Task statement — In the entries that follow, find the line containing "本項目設計總產(chǎn)水" and the line containing "38Selling an ECO-WORTHY", then retype exactly the lines from the first through the second, pictures excluded.

Records provided —

************

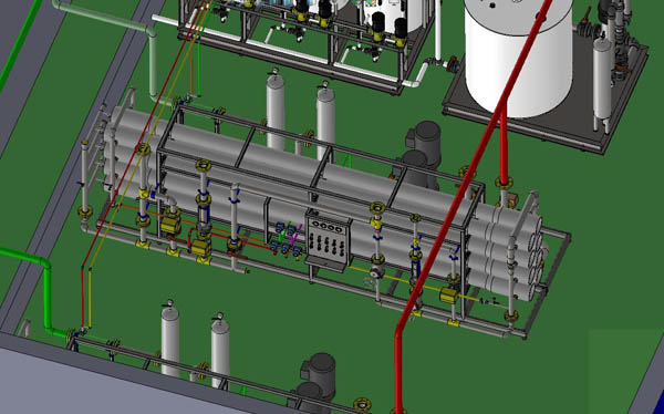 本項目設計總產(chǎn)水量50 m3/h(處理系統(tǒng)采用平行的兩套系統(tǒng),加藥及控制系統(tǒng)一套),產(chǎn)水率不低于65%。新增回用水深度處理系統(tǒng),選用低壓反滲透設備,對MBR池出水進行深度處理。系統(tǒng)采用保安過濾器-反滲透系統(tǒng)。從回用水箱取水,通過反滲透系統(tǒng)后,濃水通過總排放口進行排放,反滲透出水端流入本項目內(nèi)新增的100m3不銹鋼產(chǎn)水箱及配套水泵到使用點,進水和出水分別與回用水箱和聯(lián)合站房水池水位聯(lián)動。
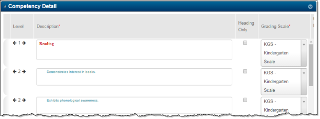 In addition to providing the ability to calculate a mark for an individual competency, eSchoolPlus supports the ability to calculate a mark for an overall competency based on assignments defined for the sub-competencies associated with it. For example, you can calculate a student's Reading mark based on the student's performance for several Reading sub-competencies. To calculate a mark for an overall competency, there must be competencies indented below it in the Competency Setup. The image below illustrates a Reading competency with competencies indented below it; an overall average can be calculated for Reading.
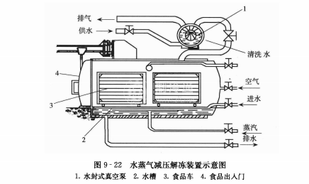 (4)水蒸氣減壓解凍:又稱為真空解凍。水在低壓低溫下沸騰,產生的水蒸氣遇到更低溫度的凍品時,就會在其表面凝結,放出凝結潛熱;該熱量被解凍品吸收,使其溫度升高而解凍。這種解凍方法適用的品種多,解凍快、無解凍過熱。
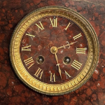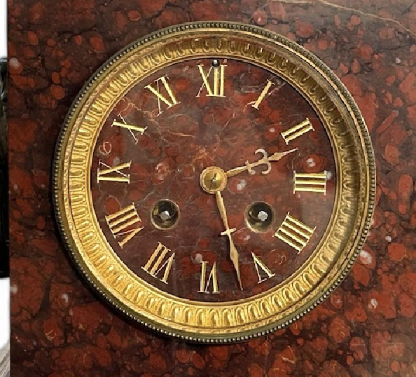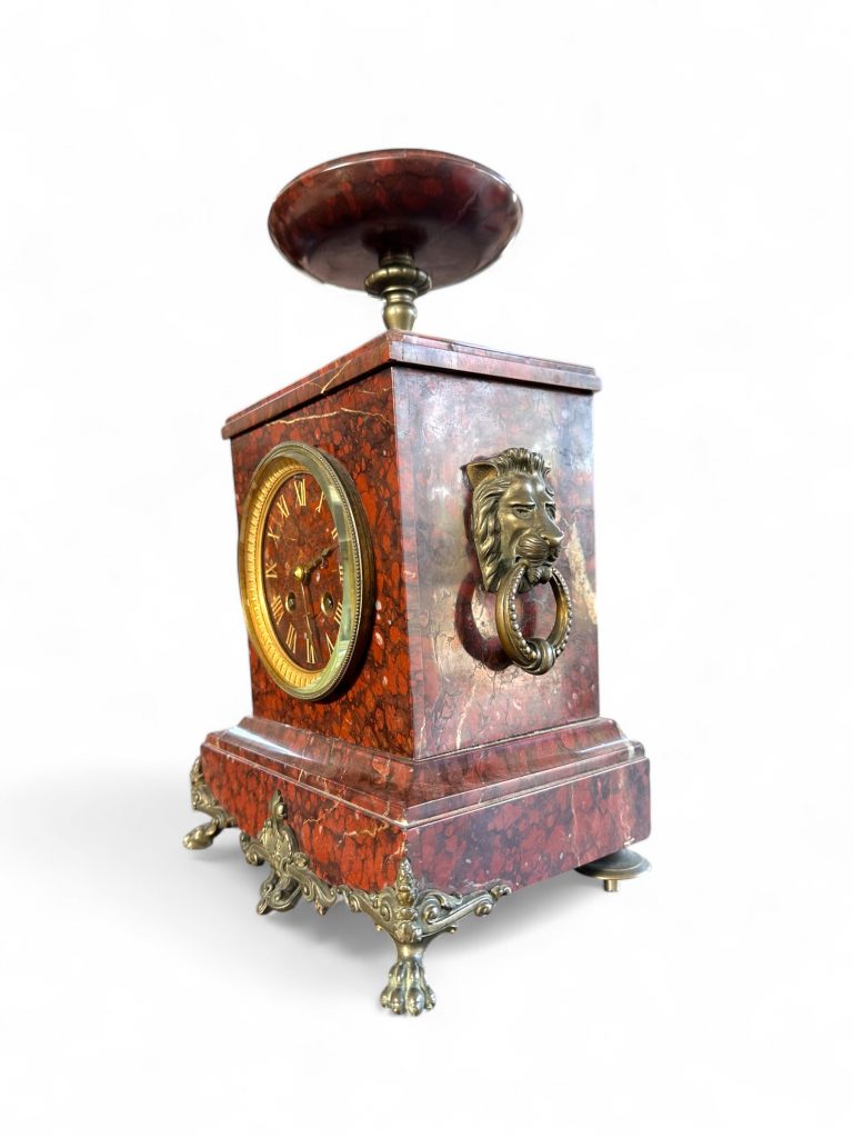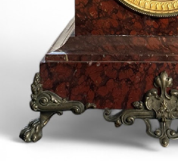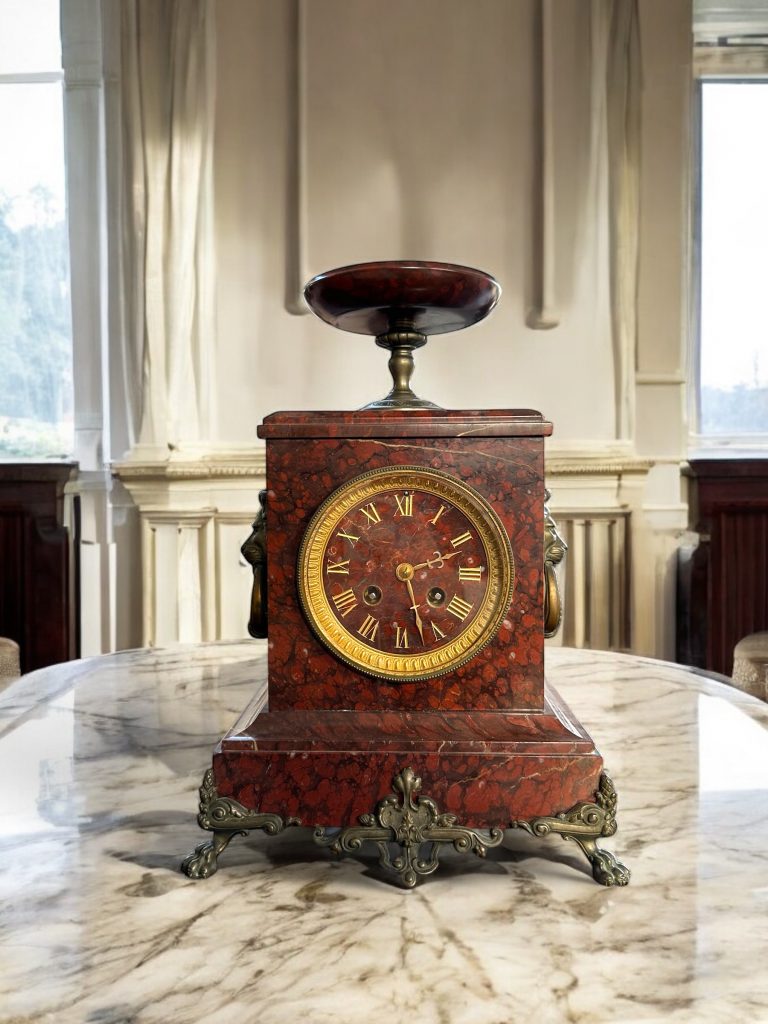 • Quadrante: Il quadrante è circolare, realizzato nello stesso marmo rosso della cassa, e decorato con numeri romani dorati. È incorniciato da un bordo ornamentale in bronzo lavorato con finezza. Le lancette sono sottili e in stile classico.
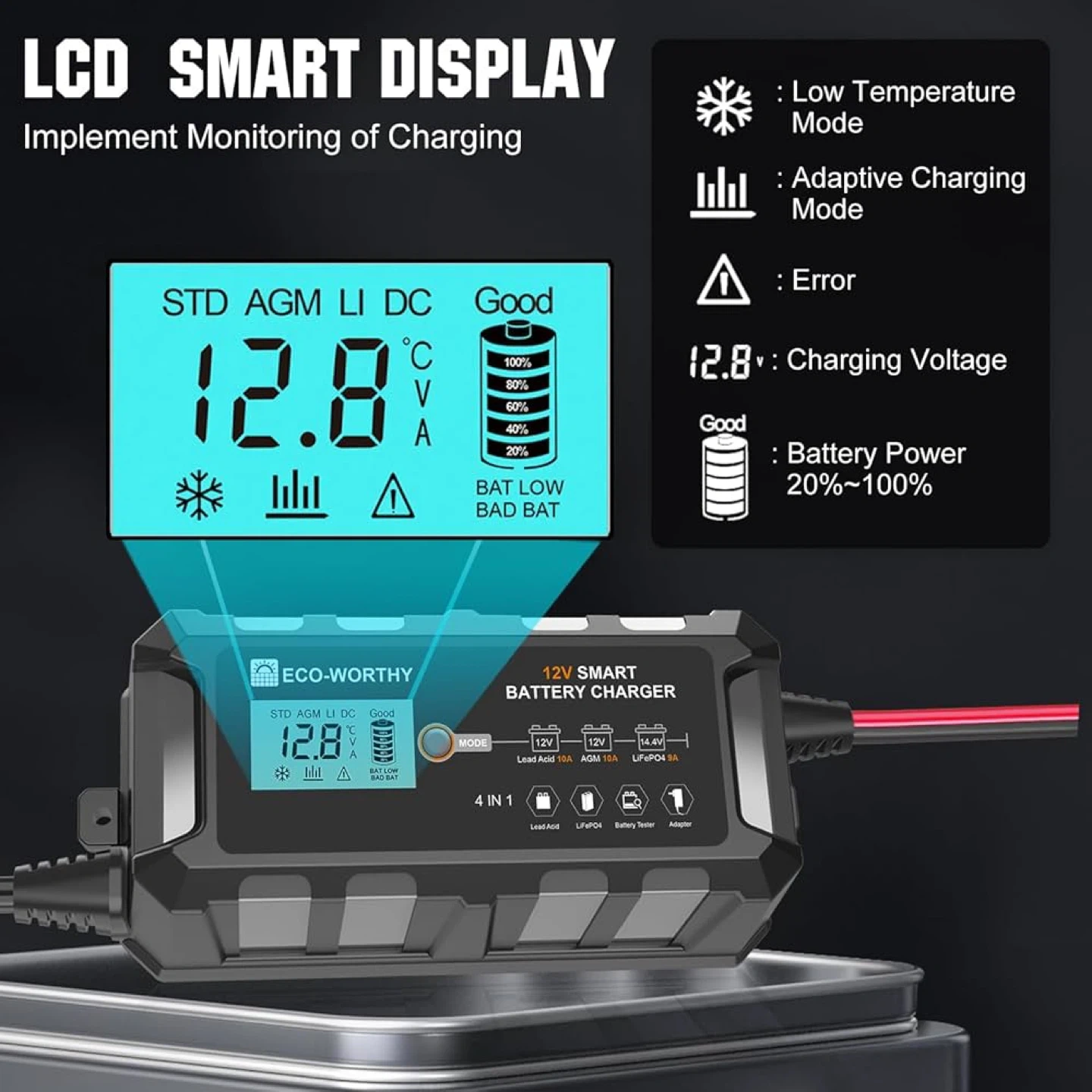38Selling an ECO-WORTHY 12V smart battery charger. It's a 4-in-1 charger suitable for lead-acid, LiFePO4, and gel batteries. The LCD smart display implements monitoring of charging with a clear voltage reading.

************

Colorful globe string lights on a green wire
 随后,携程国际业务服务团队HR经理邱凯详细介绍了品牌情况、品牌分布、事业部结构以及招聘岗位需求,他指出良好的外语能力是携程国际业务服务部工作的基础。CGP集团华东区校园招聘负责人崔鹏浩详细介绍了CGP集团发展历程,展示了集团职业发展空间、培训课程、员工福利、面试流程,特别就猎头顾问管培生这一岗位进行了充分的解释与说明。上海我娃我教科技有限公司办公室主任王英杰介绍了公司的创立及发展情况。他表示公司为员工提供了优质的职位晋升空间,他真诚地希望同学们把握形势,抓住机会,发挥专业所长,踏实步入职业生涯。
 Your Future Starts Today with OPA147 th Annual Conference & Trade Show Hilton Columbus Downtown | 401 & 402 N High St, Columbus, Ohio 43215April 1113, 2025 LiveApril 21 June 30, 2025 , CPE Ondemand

************

The completed task —
 本項目設計總產(chǎn)水量50 m3/h(處理系統(tǒng)采用平行的兩套系統(tǒng),加藥及控制系統(tǒng)一套),產(chǎn)水率不低于65%。新增回用水深度處理系統(tǒng),選用低壓反滲透設備,對MBR池出水進行深度處理。系統(tǒng)采用保安過濾器-反滲透系統(tǒng)。從回用水箱取水,通過反滲透系統(tǒng)后,濃水通過總排放口進行排放,反滲透出水端流入本項目內(nèi)新增的100m3不銹鋼產(chǎn)水箱及配套水泵到使用點,進水和出水分別與回用水箱和聯(lián)合站房水池水位聯(lián)動。
 In addition to providing the ability to calculate a mark for an individual competency, eSchoolPlus supports the ability to calculate a mark for an overall competency based on assignments defined for the sub-competencies associated with it. For example, you can calculate a student's Reading mark based on the student's performance for several Reading sub-competencies. To calculate a mark for an overall competency, there must be competencies indented below it in the Competency Setup. The image below illustrates a Reading competency with competencies indented below it; an overall average can be calculated for Reading.
 (4)水蒸氣減壓解凍:又稱為真空解凍。水在低壓低溫下沸騰,產生的水蒸氣遇到更低溫度的凍品時,就會在其表面凝結,放出凝結潛熱;該熱量被解凍品吸收,使其溫度升高而解凍。這種解凍方法適用的品種多,解凍快、無解凍過熱。
 • Quadrante: Il quadrante è circolare, realizzato nello stesso marmo rosso della cassa, e decorato con numeri romani dorati. È incorniciato da un bordo ornamentale in bronzo lavorato con finezza. Le lancette sono sottili e in stile classico.
38Selling an ECO-WORTHY 12V smart battery charger. It's a 4-in-1 charger suitable for lead-acid, LiFePO4, and gel batteries. The LCD smart display implements monitoring of charging with a clear voltage reading.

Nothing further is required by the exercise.